O câncer de mama cria essa sensação de guerra entre a pessoa e a doença. Para combatê-lo, portanto, é preciso compreendê-lo e desafiá-lo. Neste Outubro Rosa, a nossa luta é pelo empoderamento dos pacientes. Durante todo o mês _ através da campanha #PacientesNoControle _ incentivaremos a busca de mais informações sobre o tratamento com os médicos, além da participação ativa nas decisões e exigência dos direitos. O enfrentamento é o primeiro passo rumo à recuperação.

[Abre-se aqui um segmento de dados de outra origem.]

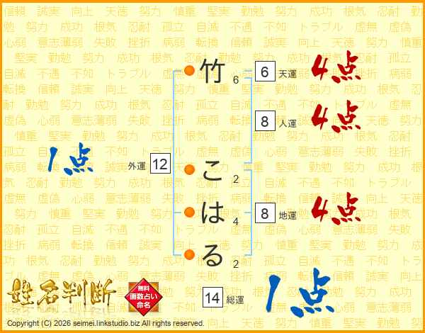 生活面を象徴する運勢です。外部から受ける影響力を表し、結婚運、家庭運や職場、環境への順応性を表します。総運から人運を引いた画数。姓や名が1文字の場合を除く。

Quando o paciente assume as rédeas do seu processo de recuperação e obtém o devido suporte, ele aumenta significativamente suas chances

Engajar pacientes é um desafio de toda a área da saúde. Com tristeza, verificamos que muita gente se apequena perante a doença, com muitas barreiras para entender ou assumir o protagonismo _ mesmo quando existem boas chances de cura e condições adequadas de tratamento. O câncer de mama é também uma guerra psicológica, travada com seus próprios sentimentos e expectativas. O que queremos incentivar é que não há motivação maior do que o domínio de suas possibilidades.
O Rio Grande do Sul é o estado com maior incidência de câncer de mama no Brasil. São 90 casos para cada 100 mil habitantes. Milhares de gaúchas (e algumas dezenas de gaúchos) neste exato momento enfrentam as incertezas da doença e seu tratamento. Podemos _ amigos, familiares e profissionais da saúde _ auxiliá-los a tomar o controle, com empatia e sensibilidade. Mesmo quem está de fora, mas se sensibiliza com a causa, pode ajudar, atuando como voluntário em grupos de apoio de instituições como o Imama (Instituto da Mama do RS).
Quando o paciente assume as rédeas do seu processo de recuperação e obtém o devido suporte, ele aumenta significativamente suas chances. O câncer de mama é um inimigo ardiloso, mas está longe de ser imbatível. #PacientesNoControle são guerreiras e guerreiros que conhecem suas chances e vão em frente, com amor à vida e sem medo de enfrentar cada batalha.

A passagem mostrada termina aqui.